The standing committee on tax and revenue tabled its Owning a Share of Your Work: Tax Treatment of Employee Share Schemes report on Monday, detailing 18 key recommendations off the back of an inquiry tasked with probing the effectiveness of 2015 reforms.
The committee’s recommendations centre around the suggestion that employee share schemes (ESS) be treated as capital for tax purposes, making employees subject to capital gains tax if they trade or sell their shares, and that the ATO streamline ESS compliance requirements.
Committee chair Jason Falinski said the recommendations are key to supporting innovation and Australia’s start-up economy.
“Employee share schemes matter because they support new businesses, innovation and start-ups, which are the engine of higher productivity in our country,” Mr Falinski said.
“Higher productivity leads to sustainably higher wages, better products and services, greater competition and more choice. All these outcomes directly impact on the quality of life that hard-working Australians enjoy.”
The committee’s recommendations include proposed amendments to the Tax and Superannuation Laws Amendment Employee Share Schemes) Act and the Income Tax Assessment Act, aimed at simplifying current ESS tax arrangements and make tax concessions broadly available to those taking part in the schemes.
It was recommended that the ATO collect and publish data on ESS use across Australia, and that it roll out a public awareness program to inform employers of the existence of the schemes and where to access resources on them.
The committee also recommended that the Productivity Commission launch an investigation into the ways employee share schemes can be improved locally, and find ways to adopt productive arrangements established abroad, in Australia.
Other recommendations could see the ATO reduce its documentation on ESS to no more than two pages, and establish a “one-stop shop” approach to ESS compliance, which would include full documentation, processes and ASIC relief to offer businesses everything in one place.

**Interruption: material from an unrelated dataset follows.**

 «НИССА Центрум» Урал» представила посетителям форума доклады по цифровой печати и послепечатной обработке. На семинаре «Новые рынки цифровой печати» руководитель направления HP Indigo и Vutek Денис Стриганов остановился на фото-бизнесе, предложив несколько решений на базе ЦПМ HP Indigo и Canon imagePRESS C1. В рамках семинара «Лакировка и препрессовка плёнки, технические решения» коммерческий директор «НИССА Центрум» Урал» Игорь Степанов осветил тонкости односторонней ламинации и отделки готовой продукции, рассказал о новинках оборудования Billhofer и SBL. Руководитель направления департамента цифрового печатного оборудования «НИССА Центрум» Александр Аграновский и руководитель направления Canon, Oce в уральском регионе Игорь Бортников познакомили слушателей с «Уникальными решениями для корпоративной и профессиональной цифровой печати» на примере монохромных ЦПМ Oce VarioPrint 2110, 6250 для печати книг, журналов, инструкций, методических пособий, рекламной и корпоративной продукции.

The inquiry into the effectiveness of the 2015 employee share scheme reforms was first announced in February last year, when it was faced with determining whether previous changes were effective in “bolstering entrepreneurship in Australia and supporting start-up companies”.
The committee was left to field 20 submissions throughout the inquiry, which came to form a consensus that the government needed to embrace bolder reforms that make it easier for businesses to enter into an ESS.

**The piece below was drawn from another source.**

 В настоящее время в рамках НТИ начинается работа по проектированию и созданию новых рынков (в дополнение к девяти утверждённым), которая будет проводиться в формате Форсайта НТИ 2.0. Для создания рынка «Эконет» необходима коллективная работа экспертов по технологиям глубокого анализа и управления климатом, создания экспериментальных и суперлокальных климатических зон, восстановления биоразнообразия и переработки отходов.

Australian tech giant Atlassian said in its submission that employee share schemes have become a crucial part of attracting talent and driving growth.

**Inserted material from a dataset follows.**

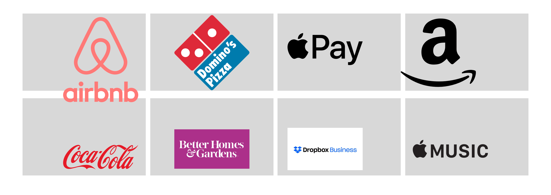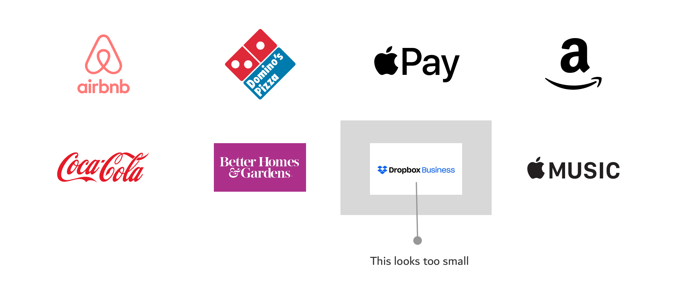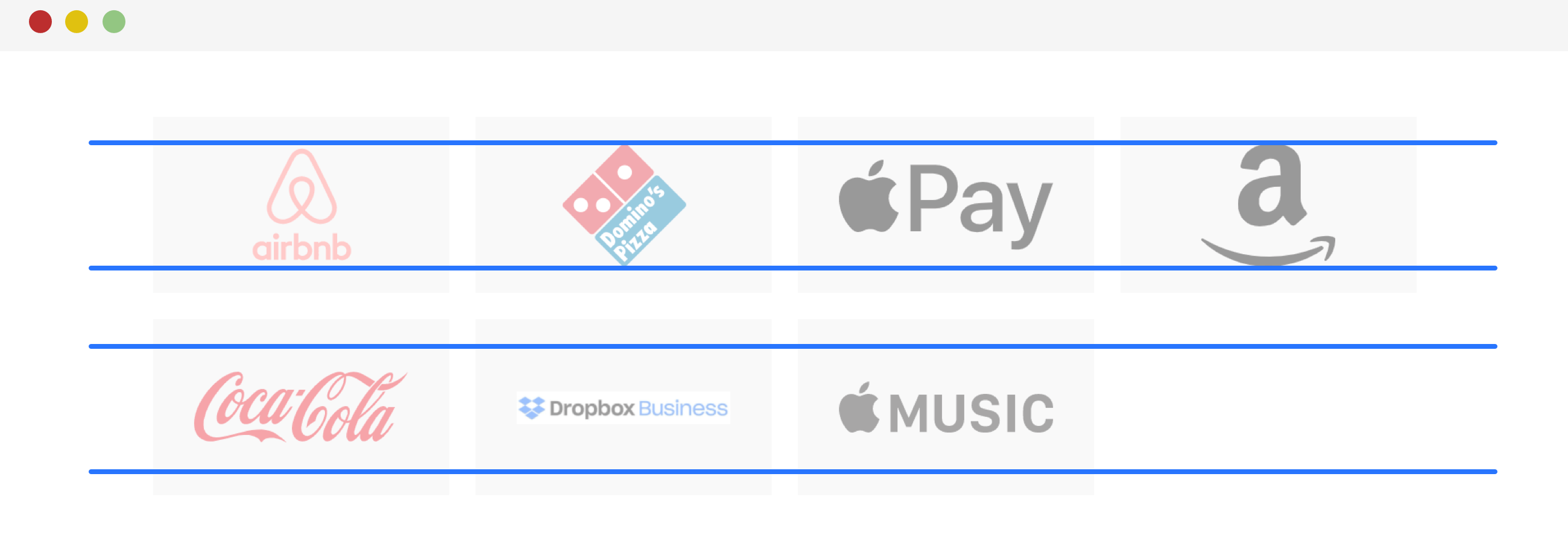 Notice how some logos look bigger than others? AirBnb is the largest one. To judge better, I usually draw a rectangle for each logo, and that rectangle will help me in deciding if the size of the logos is better, the alignment, and the spacing between other logos.

“We are mindful that large, successful technology enterprises are not born overnight — they grow from fledgling start-ups that struggle for early survival,” Atlassian said.
“And a strong ESS scheme is key to attracting and retaining the talent required for survival and success in today’s global tech sector.
“Given the fierce competition between technology hubs around the world, a competitive ESS is crucial to ensuring that Australia can continue to attract and retain the best companies and employees and that Australian companies are not put to a disadvantage compared to their global peers.”
In its submission, The Tax Institute welcomed the start-up concessions rolled out in 2015, but said that significant hurdles remain for the SME market in adopting ESSs which, in many cases, result in the schemes not proceeding, despite surging appetite.